Propagation of Interpretations Based on Graded
Resolution Input
Roger A. Browse and Marion G. Rodrigues
Abstract
The graded resolution and selectional aspects of human vision have only rarely been considered
in the development of computational vision systems. Such considerations may yield a great
advantage for machine vision because they provide a means of avoiding the fine detailed
processing of entire images. This paper presents a process called propagation which permits the
integration of image understanding based on distinct levels of resolution such as might be
available in a single fixation of a human eye. Two examples of this propagation process are
given: one which deals with image content at the level of the primal sketch, and the other which
deals with interpretations based on object models. The results obtained with peripheral
information may be examined to predict locations which, if fixated, have the greatest probability
of allowing propagation. These are the candidates for subsequent eye position location.
Introduction
Computational vision research pursues the long range goal of the development of a generalized
vision system capable of performance comparable to that of biologic systems. In light of this
goal, it is not surprising that through the brief history of Computer Vision, there has been
increasing consideration of the operation of biologic systems in the design of machine perception
(e.g. Marr). Despite this trend, there remain two widespread assumptions about machine vision
which stand in sharp contrast to the realities of human perception.

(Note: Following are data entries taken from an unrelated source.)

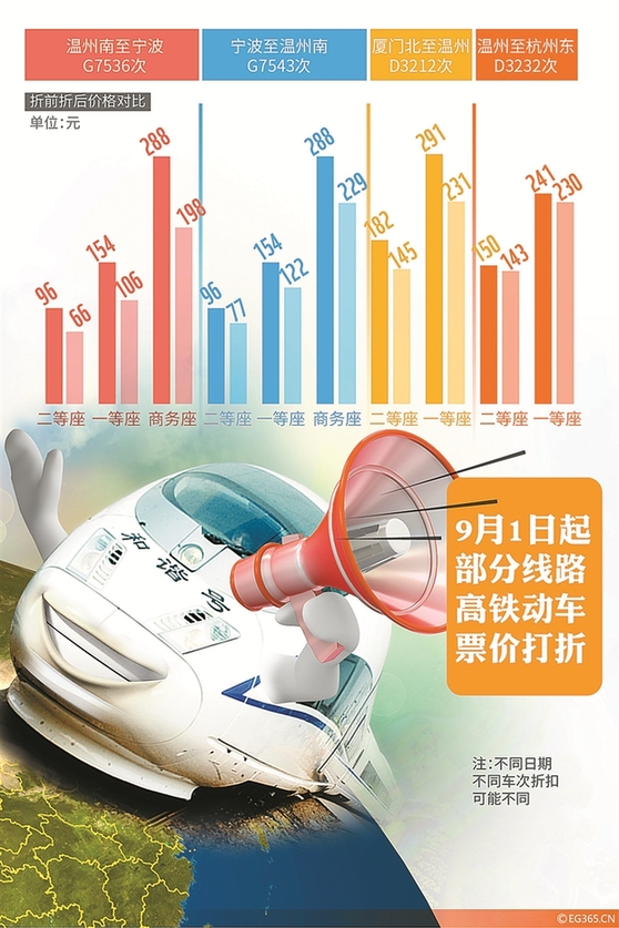 从宁波至温州南的高铁动车,部分车次将有一定的票价折扣。比如从9月1日起,每天8点56分从宁波发车的G7501次,二等座为92元,一等座147元,商务座275元,相当于打了9.5折;每天9点13分发车的G7543次,二等座为77元,一等座122元,商务座229元,相当于打了8折。
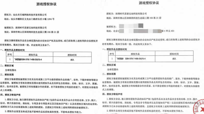 按照张青的描述,彼时,为了稳妥起见,其要求与中青宝签约,后者在这次游戏版号的交易中属于中介方。为了规避风险,当时双方签署的是一份移动游戏授权协议。
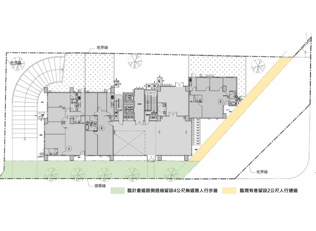 於景仁街82巷留設4公尺人行步道,臨現有巷則(景仁街)留設2公尺人行通道
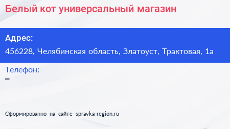 Белый кот, универсальный магазин по адресу 456228, Челябинская область, Златоуст, Трактовая, 1а в дальнейшем Организация, размещена в следующих категориях:
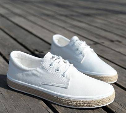 人本小白鞋女系带透气平底帆布鞋休闲板鞋韩版文艺学生女鞋球鞋
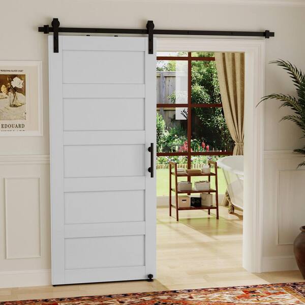 30 in. x 84 in. 5-Panel White MDF Sliding Barn Door Slab with Hardware Kit (with Round Tube Handrail and Sway Stop)
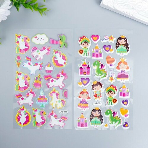 Наклейка пластик объёмные "В гостях у сказки" микс 10х20 см
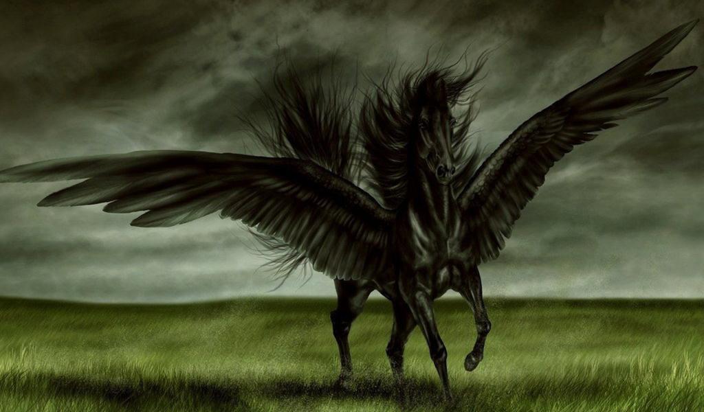 » Wallpaper Black horse with wings
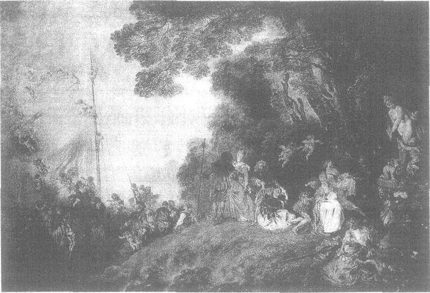 发舟西苔岛 华多 这幅“发舟”,是华多1712年到1717年间作的。他把这幅作品送交皇家艺术学院,居然被接受了下来,人家还送给他一个 “风流韵事画家” 的雅号。法国皇家艺术学院,在路易十四统治时期几乎控制了法国大部分的艺术生活。然而1715年 “太阳王” 驾崩之后,贵族们纷纷自凡尔赛宫散去,争先恐后在巴黎建造起自己优雅的私人住宅来,他们还邀来艺术家对这些住宅进行装饰。他们不再欣赏学院派的旧传统,而是对鲁本斯派的东西——色彩、光线、动作,还有生活中纯朴的欢乐,更感到兴趣。来自靠近佛兰德斯的法国北部边境的华多(1684—1721),就是这种追求唯美倾向的我们称之为罗可可风格的头一位最有才华的画家。他那自然、流畅的笔触和鲜艳夺目的色彩,不用说是来自鲁本斯的影响的,尽管它没有鲁本斯那种挥洒自如的气魄,不过却更加柔秀可亲、有一种半喜半悲的情调。而他所喜爱的题材——那个时代剧院中风靡一时的喜剧角色和情节,使我们在其中看到了时代生活的折射,这就是对有任何头衔的贵族来说,那是一个做戏的年代,是竟日谈情说爱、寻欢作乐的年代。华多的作品正是通过戏剧世界揭示了真实的人生,反映了没落贵族们的理想。然而更重要的是,他又从中看到了那只不过是落日时分转瞬即逝的余辉。华多性格柔和,并有点像 “牧羊人”,他在一群言谈风趣、举止高雅的朋友之间,显得有些格格不入,只在一旁冷眼旁观。他一生病魔缠身,在完成上述这幅作品后没几年,便早早地告别了人间,其时只有三十七岁,和拉斐尔死时的年龄相同。在他活着的时候,常常意识到死神的临近,悲哀的阴影一直笼罩着他,这也使他感到人生的短促。在华多的画面上,我们能感到一种在讲述爱的伊始的时候又暗示不久的离别,在进行 “优雅的盛宴” 的时候又予示着将要散尽的哀愁,其理由就在于此。 19世纪的雕刻家罗丹,曾以这幅画为例来说明艺术家敏锐洞察力的重要。他说,这里的每一对恋人虽然都穿着不同的服装,但实际上表现的是一对恋人在相爱中的心理变化过程。的确,画中两人的动作开始渐渐大起来,随着向缓和起伏的小丘对面行进,动作又逐渐变小。这样子,很像电影中追求时间推移的镜头。我们知道,画家捕捉并且表现出来的只能是瞬间形象。18世纪的画家们解决了所谓以一连串的动作捕捉一瞬间的矛盾。他们喜欢表现绘画中的故事性,显示出对人物表情的细心注意,善于抓住通过瞬间所表现出的隐藏在心灵背后的东西,好象文学中的小品文那样。“夕阳无限好,只是近黄昏”。华多正是表现了这种瞬间的美。 |
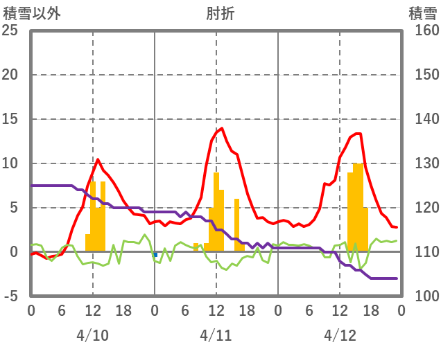 | 日 | 時 | 気温 | 降水 | 風向/風速 | 日照 | 積雪 | 降雪 |
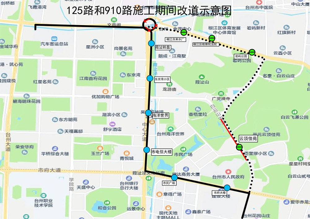 四、125路和910路调整由黄海公路经中心大道、市府大道接原线路。期间取消椒江自来水厂、椒江区检察院法院、岩屿公园、云顶佳苑站,经停葭沚转盘、东京湾小区、海洋世界、市电信大楼、市民广场、市府大楼站。
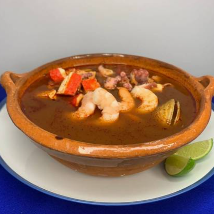 Exquisita sopa de mariscos de camarón pelado, ostión, pulpa de jaiba, pulpo, surimi y almeja.

The Uniform Retina Assumption
Due no doubt to the nature of available digitizing equipment, computer vision research has
almost unanimously chosen to assume that a common resolution level is available at all points of
the field of view. Such uniform images may be subjected to uniform processing, yielding an
immensely important simplification from the case of human vision in which acuity falls off
sharply even as close as 2 degrees from the foveal center. While this simplification appears
important for commercial applications of machine vision research, it perpetuates the
misconception that all locations of an image must be processed with equal scrutiny in order to
permit effective vision. Edge detection schemes employing center-surround mechanisms often
refer to the work of Wilson and Bergen as a statement of compatibility with human vision for the
convolution of images with operators of different scale, without ever noting that Wilson and
Bergen's results included a gradation in scale of about 40% within 4 degrees of the foveal center.
The human system has probably evolved the graded resolution structure of the visual system in
order to permit both high resolution and a broad field of view within limited processing
resources. It seems reasonable to expect that the processes of vision , and the knowledge
involved in vision, are highly tuned to the selective use of the fovea, and to the accomplishment
of integration of visual input obtained at many different scales into a coherent percept.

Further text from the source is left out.